On Thursday, Sanders, who also attended the Wednesday briefing, headlined the unveiling of legislation with California Rep. Ro Khanna and other Democrats that would bar funding for military action against Iran except in cases of self-defense of American interests or in compliance with the restrictions of the War Powers Resolution.

Sanders reiterated his longstanding opposition to U.S. military engagements in Iraq dating back to the first Gulf War, but he made clear that if elected president he would not be seeking a precipitous or unplanned withdrawal from the country.

“I will do my best as president to bring our troops home as soon as possible, but I will not do it through a tweet,” Sanders said. “I will not do it by creating a situation where we get kicked out of the country, but what we need to do is work with the government of Iraq, work with other allies in the region.”

Sanders is the Senate lead on one of the pieces of legislation currently moving in the House seeking to curtail the president’s powers when it comes to military action against Iran.

“Just as we were led into Vietnam and Iraq by lies, the Trump administration is misleading us on Iran,” Sanders said. “They are justifying the assassination of Qassem Soleimani by claiming that he was planning imminent attacks on hundreds of Americans in the region, and yet they produce no evidence that would justify this claim, not even in a classified setting.”

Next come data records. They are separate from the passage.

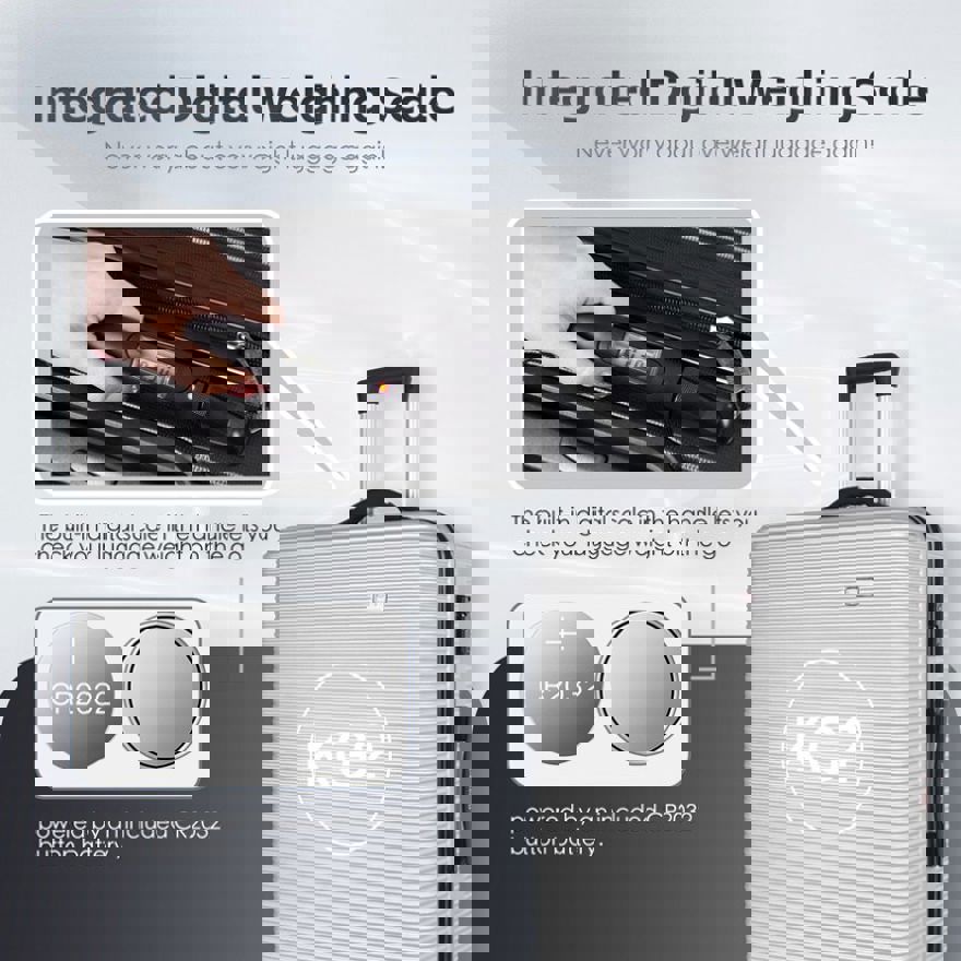 Integrated Digital Weighing Scale: Check your luggage weight on the go with the built-in digital scale in the handle. Powered by a CR2032 button battery (included).
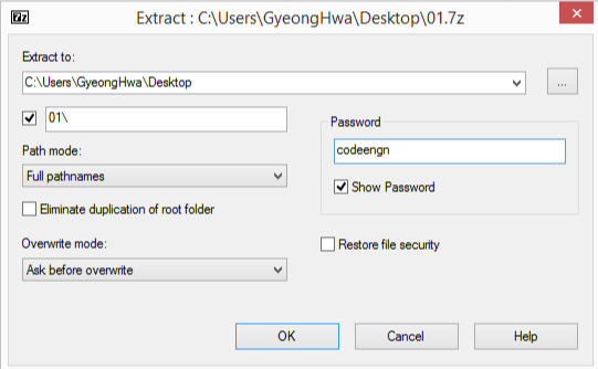 password는 문제에 써있는 codeengn을 입력하면 된다.
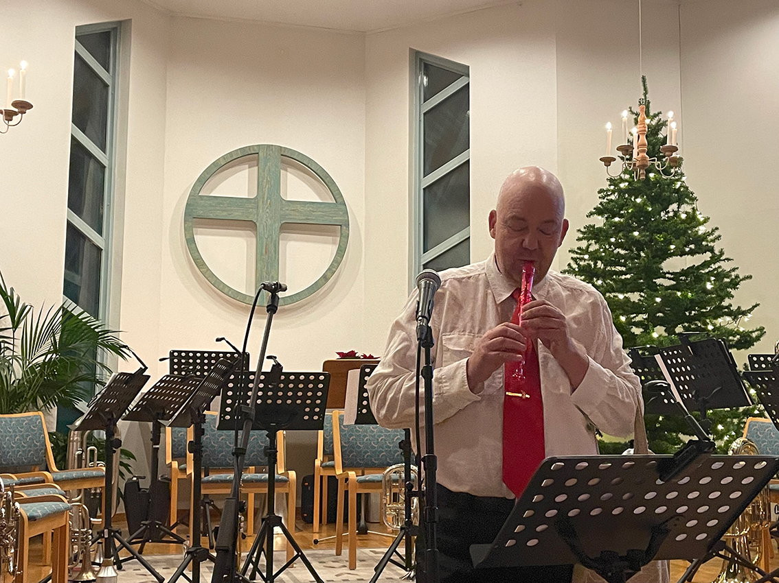 Mats Sandberg spelar egentligen bastuba men kunde även spela flöjt.
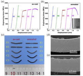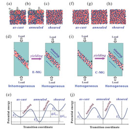 不同非晶合金退火前后的“脆者(E-型非晶)更脆,韧者(C-型非晶)恒韧”现象(左图),及其对应的剪切变形模型与解释(右图)
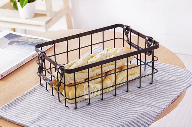 Góc bếp xinh xắn, góc bàn ăn thêm gọn gàng khi có sự hiện diện của chiếc giỏ đựng đồ hình chữ nhật bằng kim loại này.
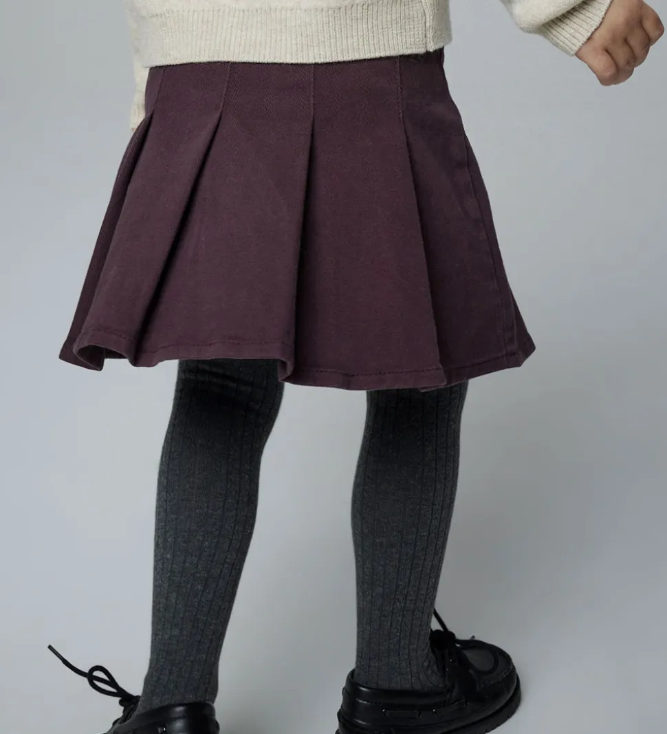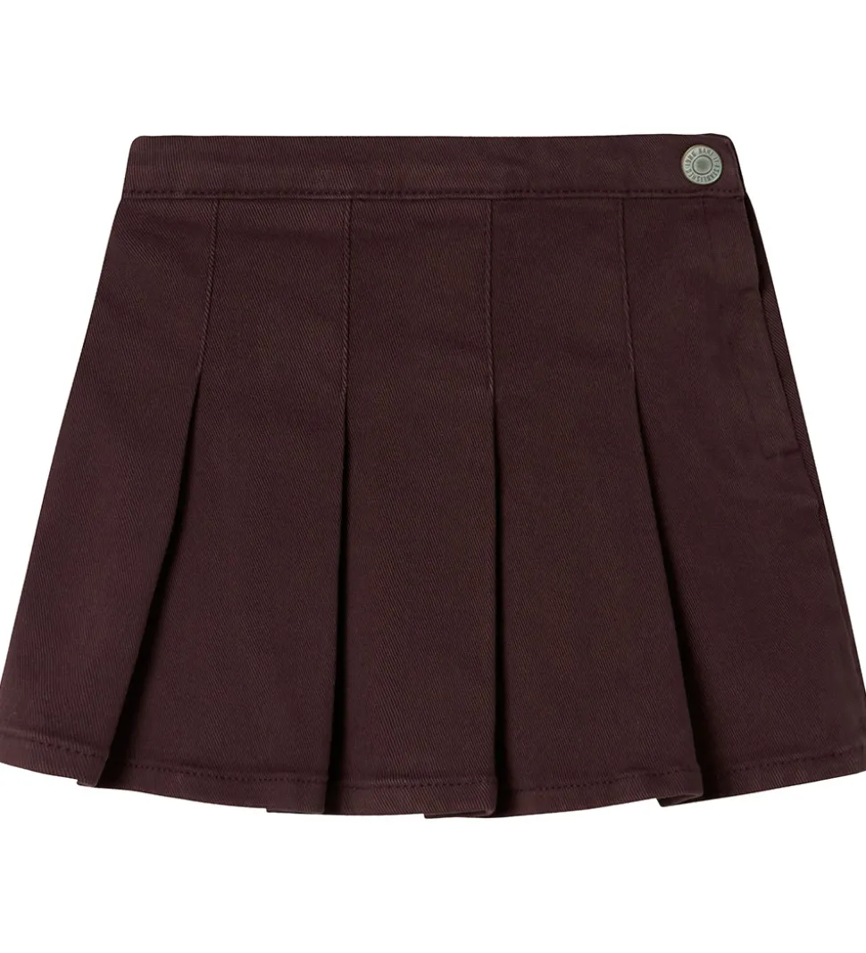 Smart Name It nederdel i mørkerød denim med lilla skær og et klassisk plisseret design. Name It nederdelen har en justerbar talje med knapper indvendigt. Den lukkes i venstre side med en hægte og lynlås.
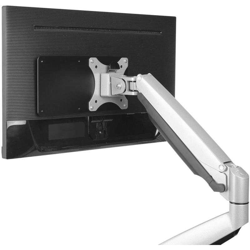 El soporte es compatible con interfaces de montaje VESA con dimensiones que van desde 75 x 75 mm hasta 100 x 100 mm, asegurando su versatilidad para diferentes dispositivos y configuraciones.

“Our founding fathers understood that it was only too easy for a president to lead the country into a disastrous military conflict. That is why they gave the exclusive power over war and peace to the people’s elected representatives,” Sanders said.

The House is making plans to take up the companion version of the Sanders bill, introduced by Khanna, along with legislation from Rep. Barbara Lee of California to revoke the 2002 authorization for use of force against Iraq.

The first step for the Senate is a concurrent resolution under the War Powers Act that also seeks to limit the president’s actions against Iran. The reach of such a resolution would be an unresolved matter of legal interpretation.

Speaker Nancy Pelosi took the position Tuesday that the House resolution has “real teeth.”

“We’re taking this path because it does not require a signature of the president of the United States,“ the California Democrat said. 

The War Powers Resolution is a statement of Congress, Pelosi said. “And I will not have this statement be diminished by whether the president would veto or not.”

Concurrent resolutions do not go to the president.

A similar Senate measure introduced by Sen. Tim Kaine, D-Va., that could reach the floor as soon as next week is a joint resolution, meaning it could go to the president’s desk — likely for a veto.

Lee and other House members standing alongside Sanders on Thursday amplified concerns that the Trump administration may be using the 2002 authorization for use of military force against Iraq to go after Iran on Iraqi soil.

“Even then, as flawed as the 2002 authorization finally was, it was never intended or written to authorize future actions against a country that had personnel in Iraq, neither was the 2001 blank check,” Lee said Thursday. “This administration has falsely claimed that the 2002 AUMF can be used as the congressional authorization to attack Iran. That’s completely outrageous.”

Lindsey McPherson contributed to this report.